Durant toute la période dite mecquoise, Muhammad n'est désigné que comme avertisseur, nadhîrmundhir. Il l'est parfois aussi comme mubashshir, annonciateur. À l'époque cela renvoie à la bonne mais aussi surtout à la mauvaise nouvelle. C'est donc une mise en garde. Le Muhammad de La Mecque est donc mandaté par le divin pour "avertir" sa tribu des dangers qui la menacent. Elle doit réformer sa conduite et cesser de rendre culte à d'autres qu'au Seigneur divin, Rabb, devenu créateur et bientôt identifié à Allâh en passant par la dénomination intermédiaire de Rahmân, le "Bienfaisant". C'est ce que constate l'historien quand il pose une hypothèse sur la chronologie du texte coranique. Il faut ajouter encore que, durant cette première période, Muhammad est identifié par rapport aux siens comme étant leur compagnon, sâhib, autrement dit un des leurs (81, 22 ; 53, 2). Les seules figures, prophètes, "nabiyyûn" ou de "porteurs de message", mursalûn ou rusul qui sont cités durant cette période sont celles des figures antérieures présentées comme ayant été mandatées auparavant auprès de leur peuple, tout comme l'est le présent avertisseur auprès des siens. C'est en ce sens que le Dieu créateur est nommé Rabb al-'âlamîn, le "Seigneur des peuples" et non pas le "Seigneur des Mondes" comme traduit habituellement de manière inexacte. Il faut noter en outre que le nom même de Muhammad, le "Louangé" est totalement absent durant la même période.

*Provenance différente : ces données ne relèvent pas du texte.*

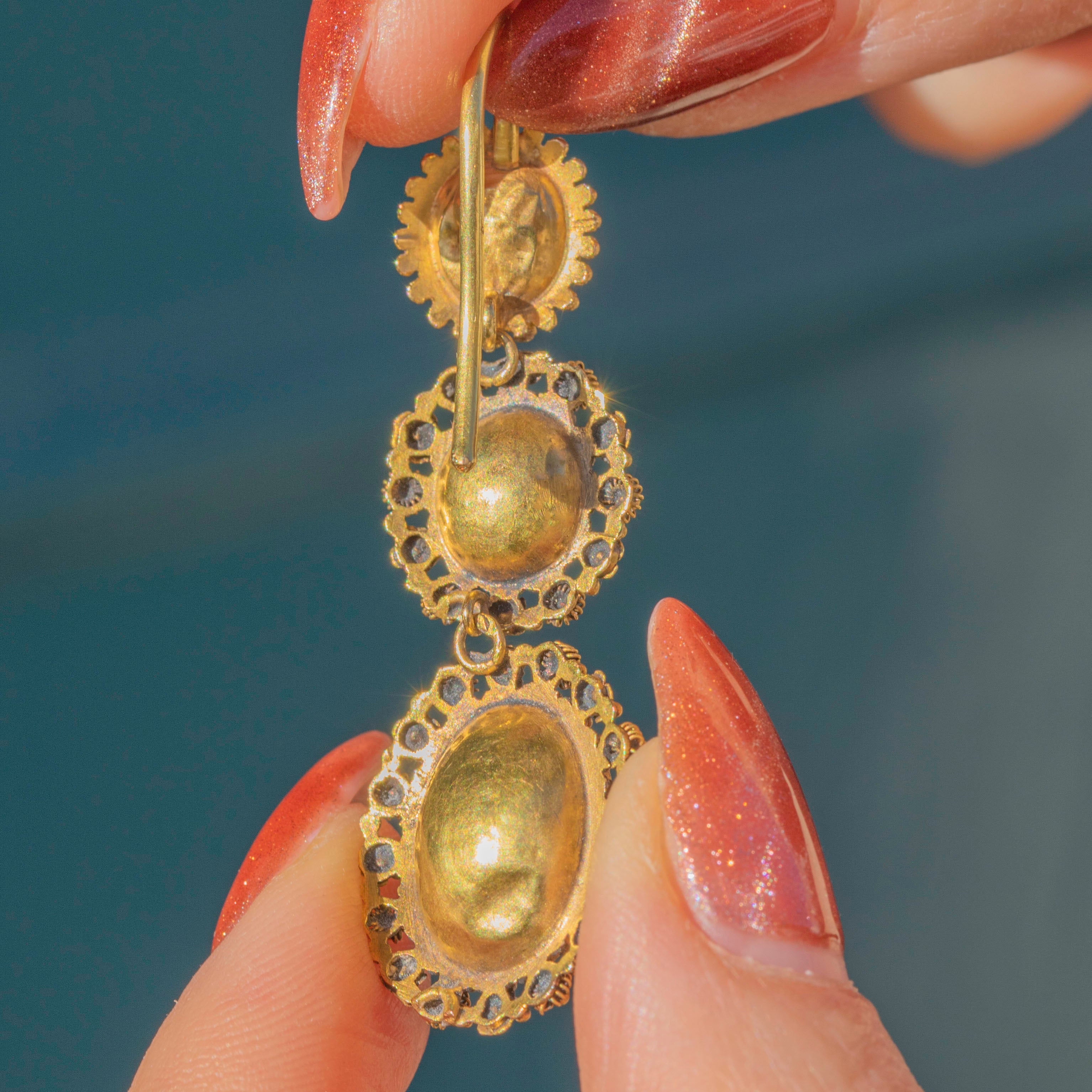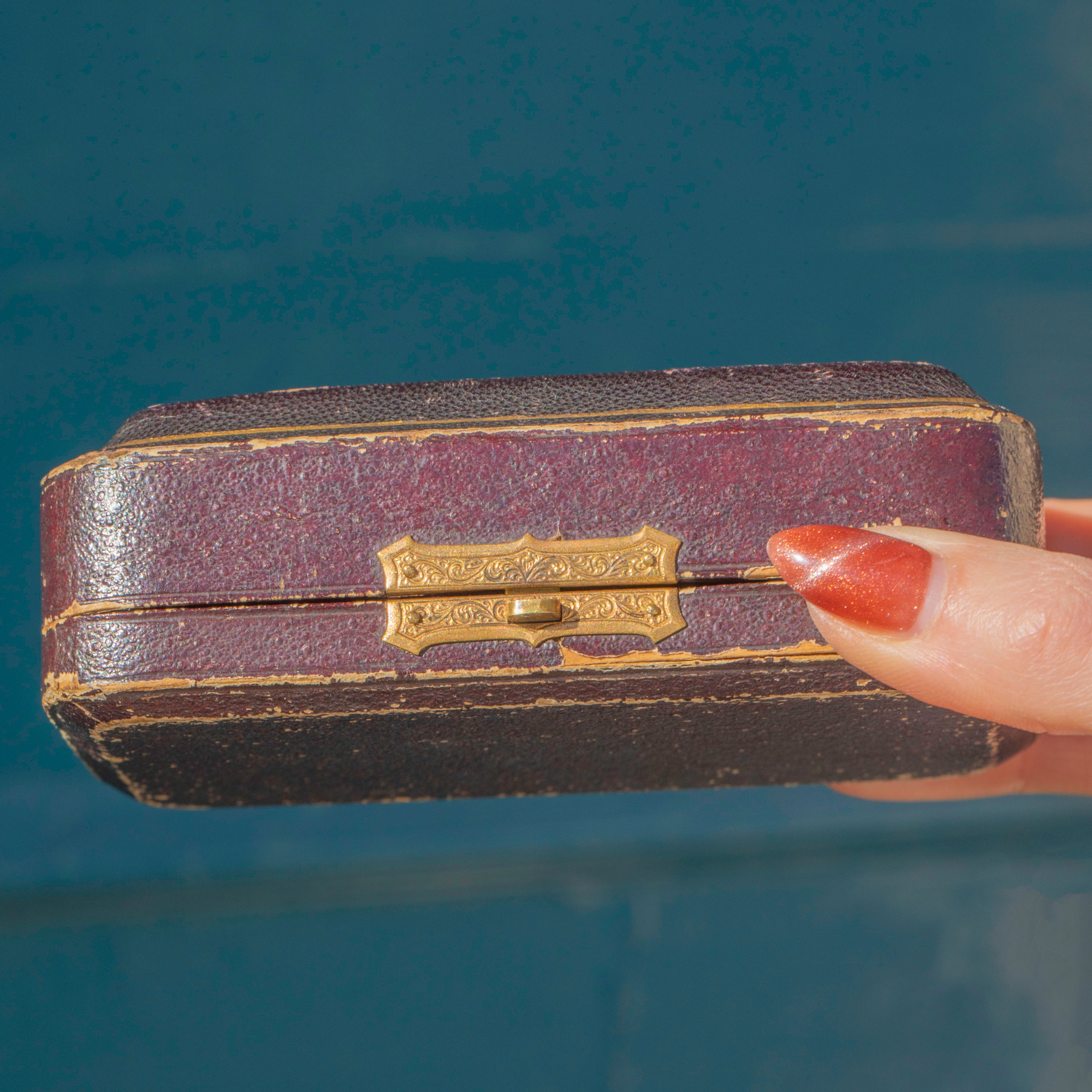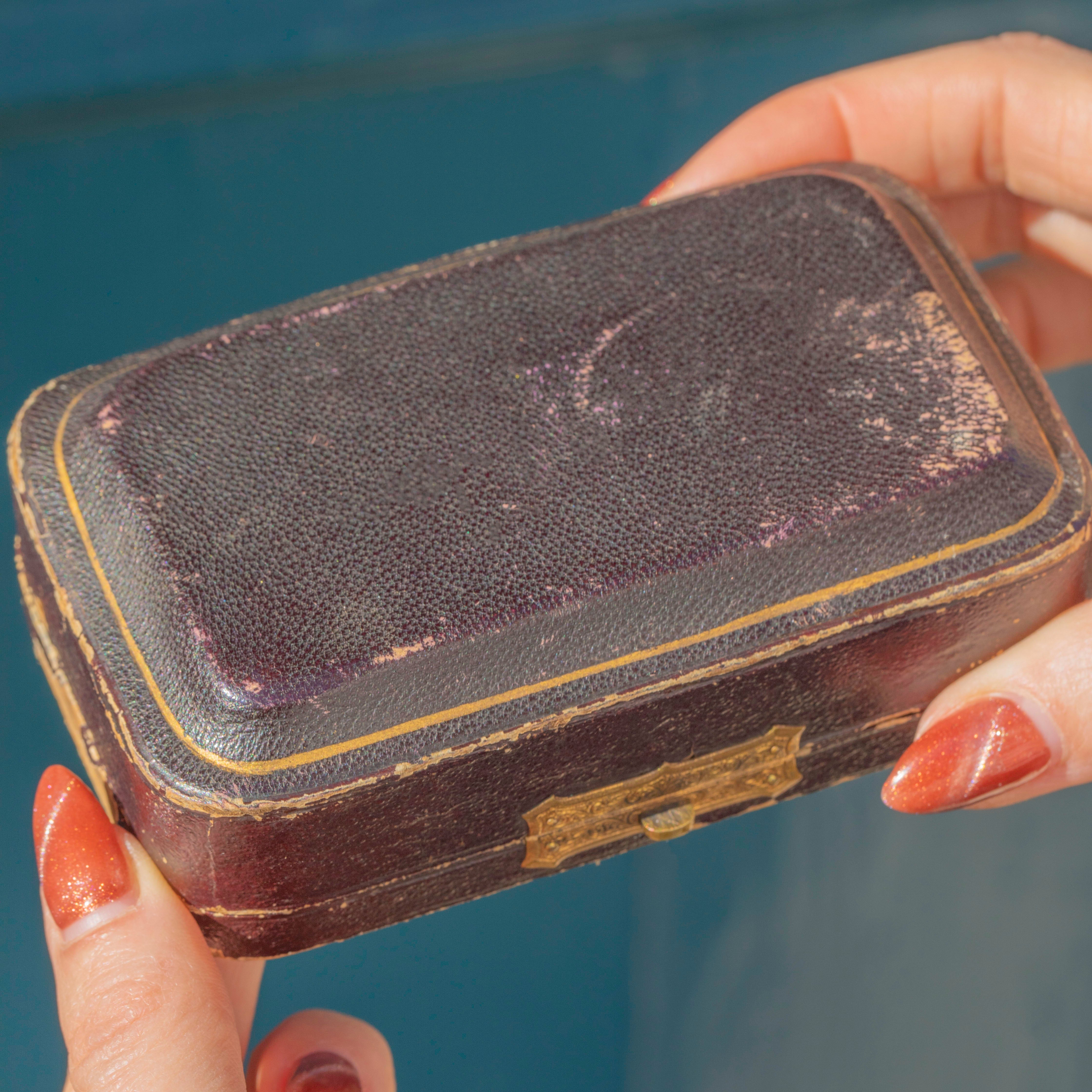 The earrings hang beautifully in the ear with 18ct Gold hooks. There are some dings notable to the back of the domed settings, but you can't see this when they're in the ear. The fitted box allows each of these pieces to be kept safe. The box has some minor wear and tear visible, but given it has been responsible for safeguarding the demi-parure, it's lasted very well.

 Si les choses évoluent en période médinoise, celle qui voit le Mecquois, "banni" par les siens (ikhrâdj) entrer dans l'action. Cette action se conforme strictement aux règles de l'époque. Les actions de force ont toutes une finalité politique. Elles ne cherchent qu'à aboutir à un compromis et à un accord. C'est ce qui nous est dit dans 3, 103 : « Vous étiez ennemis et par la grâce d'Allâh qui a réuni vos cœurs (le cœur c'est le siège de la raison) vous êtes devenus des frères ». C'est durant cette période qu'à l'instar des figures de prophètes et de messagers antérieurs, l'avertisseur mecquois reçoit à son tour la même titulature. Il devient "prophète", nabî', et "messager", rasûl. Le nom de Muhammad et, une fois, celui de Ahmad (de sens équivalent) apparaissent à leur tour en quelques rares mentions.

 Cependant, dans tous les cas, l'historien ne peut que constater que, dans le Coran, on ne trouve nulle trace de la représentation actuelle qui fait du prophète de l'islam une figure sacralisée.

Ce qui s'apparente actuellement à une sorte d'adoration est totalement étranger à la société du Coran, au 7e siècle. Ce processus mental ne se développe que progressivement ensuite quand on a changé de modèle de société, culturellement et religieusement, dans l'espace impérial abbaside. La sacralisation actuelle de la figure du Prophète de l'islam ne s'inscrit donc en aucune façon en continuité avec la période initiale de l'islam. Elle répond à des attentes et à des enjeux strictement contemporains. Il serait bon que les croyants d'aujourd'hui en prennent conscience.